This is the master thesis implementation work of Philipp Sieg. The major goal is to provide a software package for
- generating topic models,
- indexing documents with models,
- using the indexes for information retrieval, and
- evaluating models both qualitatively and quantitatively.
The folder tm-search-components contains the final versions of each component. The topic modeling functionality depends strongly on an implementation from the Machine Learning for Language Toolkit, v. 2.0.9 (MALLET; McCallum 2002). The NLP preprocessing components are taken from JCoRe, v. 2.3.0-SNAPSHOT (Hahn et al. 2016). The implementation of this topic modeling module consists of 5 components, deployed as Maven projects, v. 3.5.2:
This is the main project and the main dependency for the other projects. It implements the major functions for reading, preprocessing, training, and infering labels to documents. It contains the TopicModelGenerator, a commandline-tool for generating topic models on a given data set. The data set my be read from a file system or a database.
This is a simple commandline-tool for calculating and monitoring a held-out document evaluation. It uses the MALLET implementation of the left-to-right algorithm developed by Wallach (2008).
This is a JCoRe-component that infers labels to new documents and stores them in an index. The AE saves the index along with the whole model in a serialized object file at the end of the indexing process. The index is intended to be used by the search function provided by julielab-topic-modeling.
This is a UIMA typesystem for the jcore-topic-indexing-ae defining the features of a topic label.
This is a simple commanline-tool that merges a set of serialized model files from multiple jcore-topic-indexing-ae processes.

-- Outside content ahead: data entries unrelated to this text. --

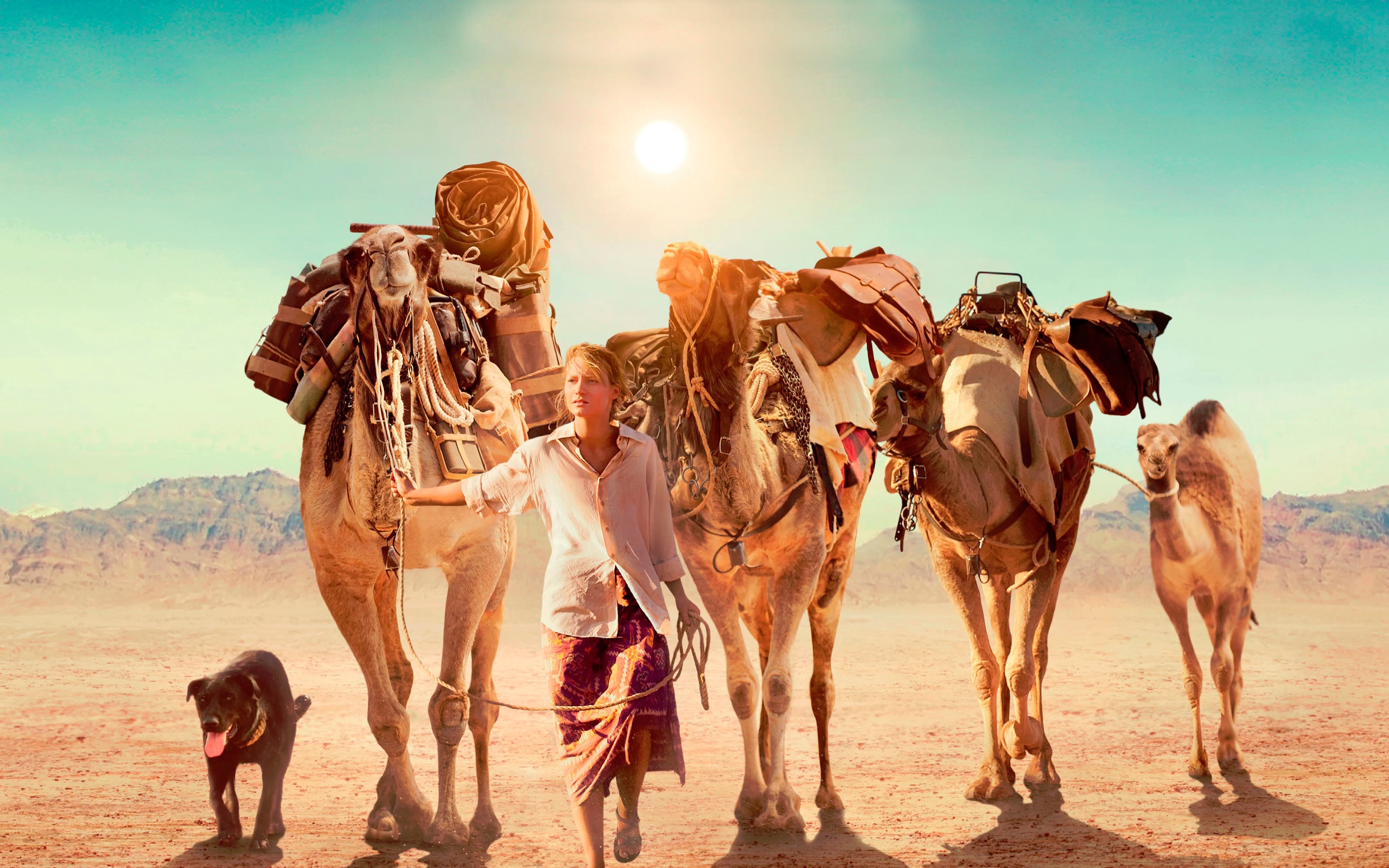 Description: A woman walking a dog in the desert with three camels and a man on a horse with a dog.
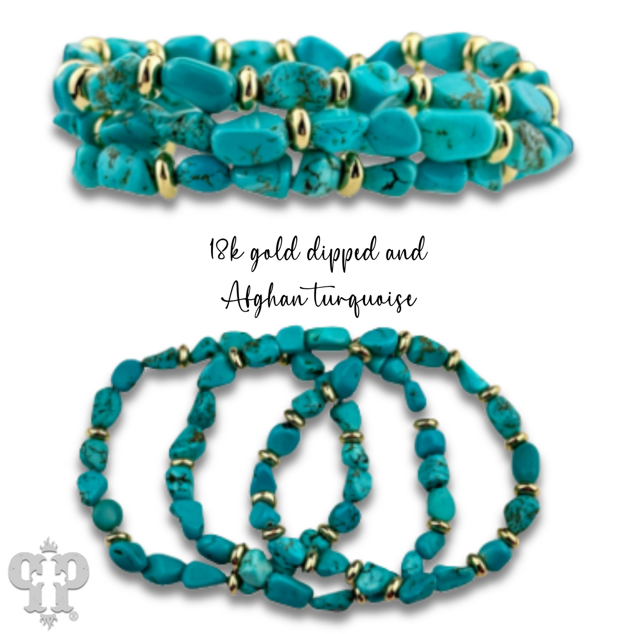 This bracelet set has three strands of Turquoise and 18k gold dipped saucer beads. The set can be layered with other pieces or worn on its own. It stretches for ease of wear.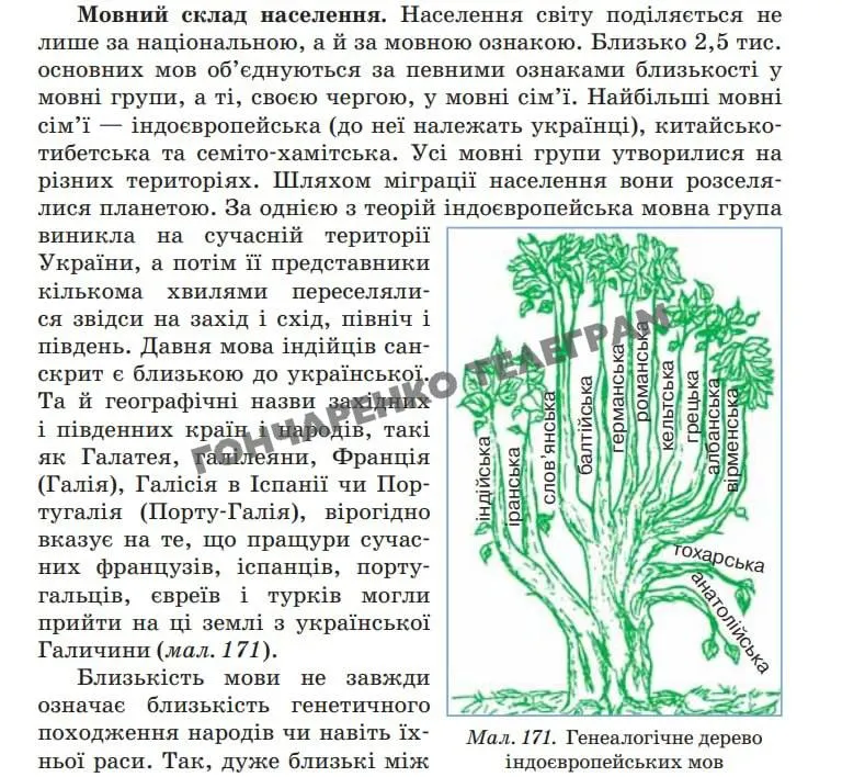 Далі у підручнику мовиться, що близькість мови не завжди означає близькість генетичного походження народів чи навіть їхньої раси. Про це Небензя вирішив промовчати.
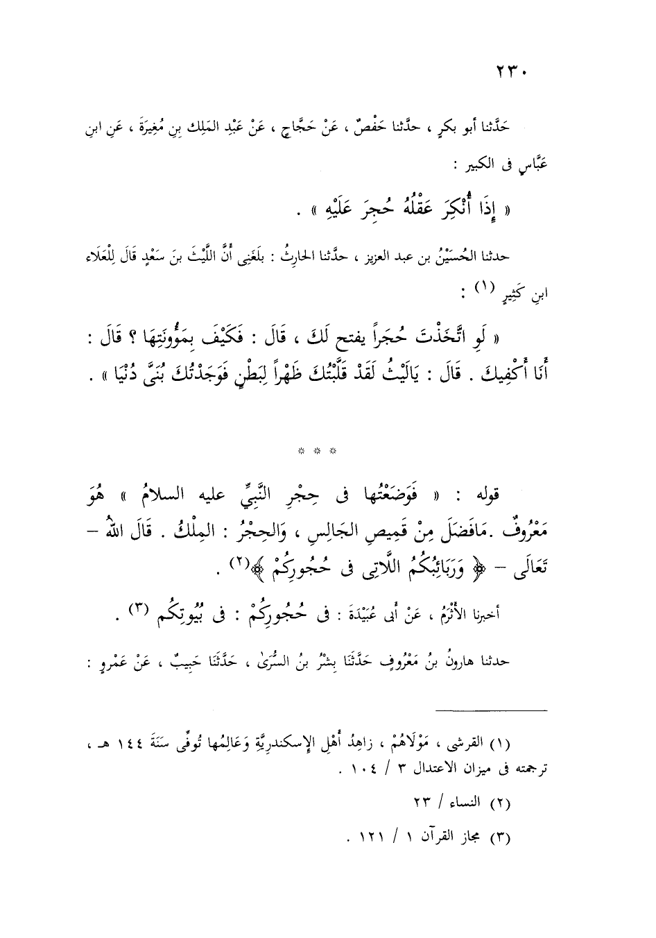 حَدَّثَنَا الْحُسَيْنُ بْنُ عَبْدِ الْعَزِيزِ , حَدَّثَنَا الْحَارِثُ , بَلَغَنِي أَنَّ اللَّيْثَ بْنَ سَعْدٍ , قَالَ لِلْعَلَاءِ بْنِ كَثِيرٍ: " لَوِ اتَّخَذْتَ حُجَرًا يُفْتَحُ لَكَ قَالَ: فَكَيْفَ بِمَؤُنَتِهَا؟ قَالَ: أَنَا أَكْفِيكَ قَالَ: يَا لَيْثُ §لَقَدْ قَلَّبْتُكَ ظَهْرًا لِبَطْنٍ فَوَجَدْتُكَ بُنَيَّ دُنْيَا " قَوْلُهُ: فَوَضَعْتُهَا فِي حِجْرِ النَّبِيِّ عَلَيْهِ السَّلَامُ , هُوَ مَعْرُوفٌ , مَا فَضَلَ مِنْ قَمِيصِ الْجَالِسِ وَالْحِجْرُ: الْمِلْكُ قَالَ اللَّهُ - تَعَالَى - {وَرَبَائِبُكُمُ اللَّاتِي فِي حُجُورِكُمْ} [النساء: 23]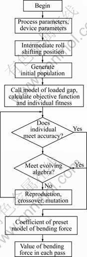 The preset model of bending force is mainly based on the strip initial data, including steel grade, width, entry thickness and thickness of end product. Then, by calculating the crown of loaded gap, and using the genetic algorithm, the bending force model is found, which can minimum the objective function in each pass. The calculation process is shown in Fig.3.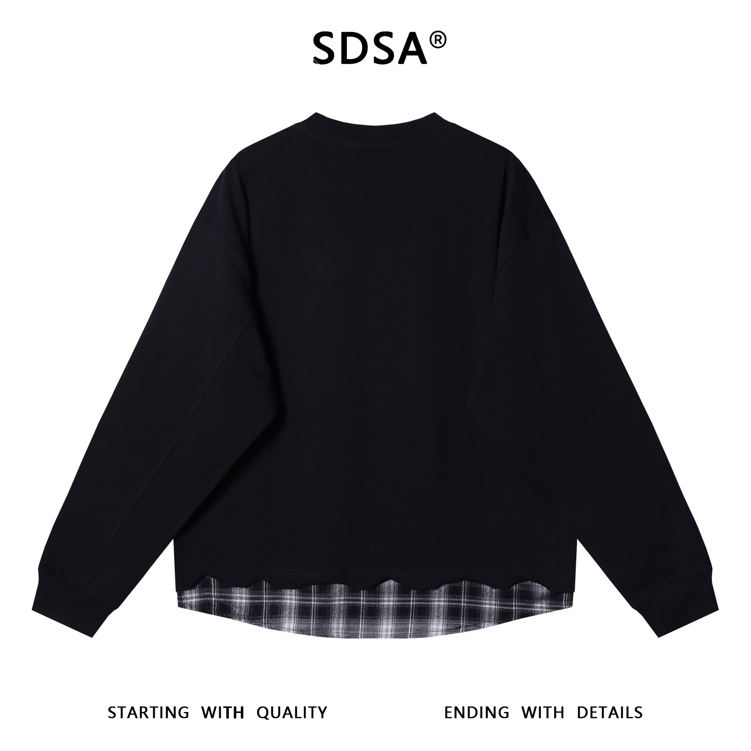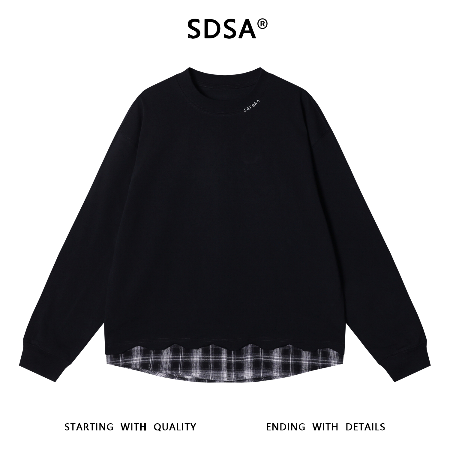 SDSA男士秋冬新款痞帅男装美式拼接设计圆领卫衣领口刺绣字母百搭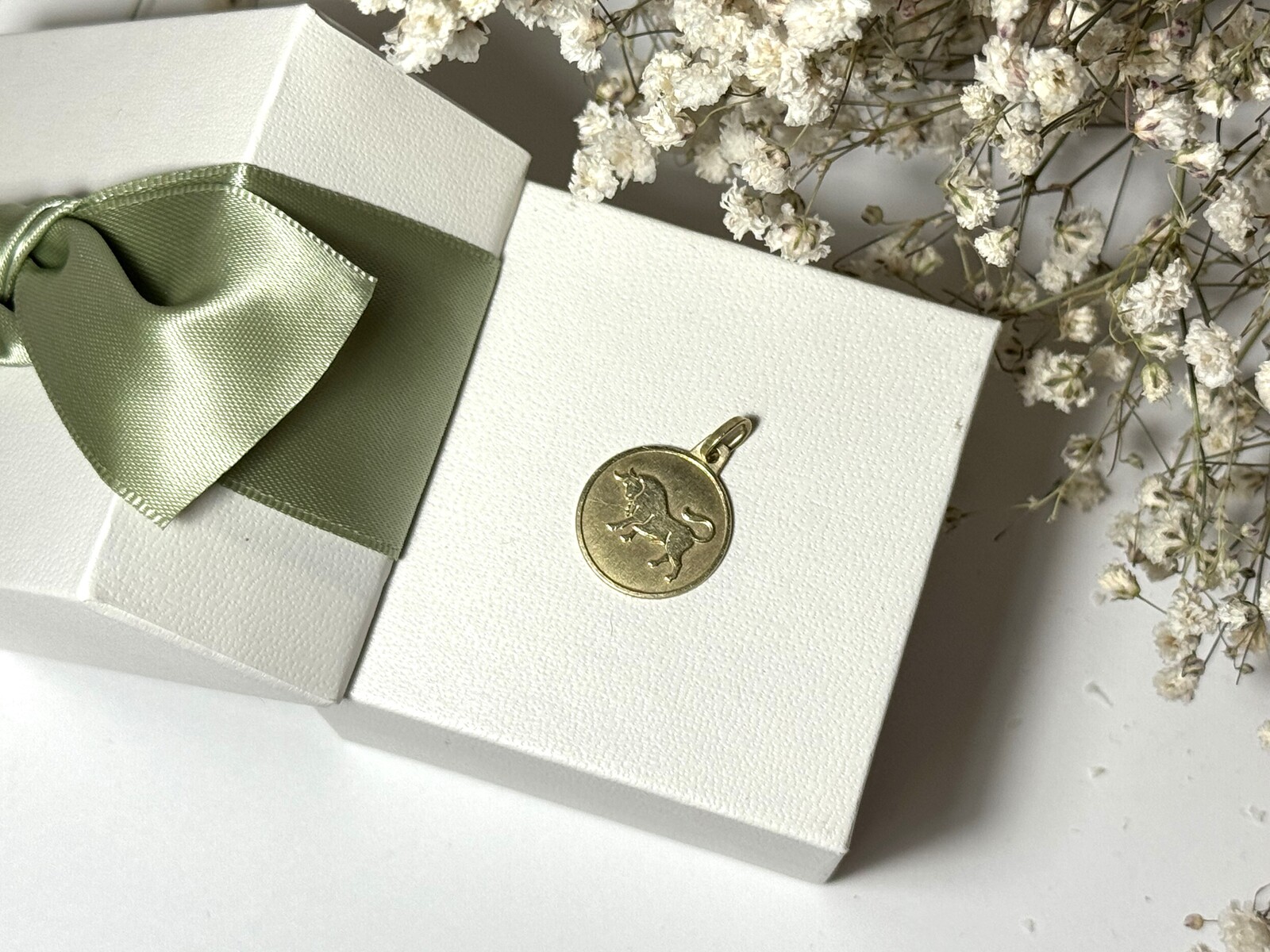 Oferujemy na sprzedaż złotą zawieszkę wykonaną z 14-karatowego (p.585) żółtego złota.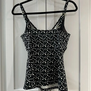 Jantzen Black & White Polka Dot Tankini Top with Built in Support Bra sz 34D/DD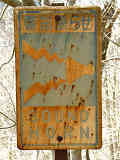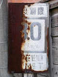 「速度制限 30Km/h SPEED LIMIT」と「最高速度 30Km/h MAXIMAM SPEED」の表示が二重に書かれています。「速度制限」は昭和25年から35年まで使われた標識で、「最高速度(MAXIMAM SPEED)」は昭和35年から38年まで使われた標識です。昭和35年「標識等に関する命令」が制定されたときに書き換えられたのでしょう。

Additionally, the project provides configuration templates you can find here: https://github.com/JULIELab/julielab-topic-modeling/tree/master/configs
Hahn, Udo/Matthies, Franz/Faessler, Erik/Hellrich, Johannes (2016): UIMA-Based JCoRe 2.0 Goes GitHub and Maven Central ― State-of-the-Art Software Resource Engineering and Distribution of NLP Pipelines. In: Nicoletta Calzolari (Conference Chair), Khalid Choukri, Thierry Declerck, Marko Grobelnik, Bente Maegaard, Joseph Mariani, Asuncion Moreno, Jan Odijk, Stelios Piperidis (Hgg.): Proceedings of the Tenth International Conference on Language Resources and Evaluation (LREC 2016),. Portorož, Slovenia, S. 2502-2509.
McCallum, Andrew Kachites (2002): MALLET: A Machine Learning for Language Toolkit. http://mallet.cs.umass.edu.
Wallach, Hanna M. (2008): Structured topic models for language. PhD thesis, University of Cambridge.
Wallach, Hanna M./Murray, Iain/Salakhutdinov, Ruslan/Mimno, David (2009): Evaluation methods for topic models. In: Proceedings of the International Conference of Machine Learning, S. 1105-1112.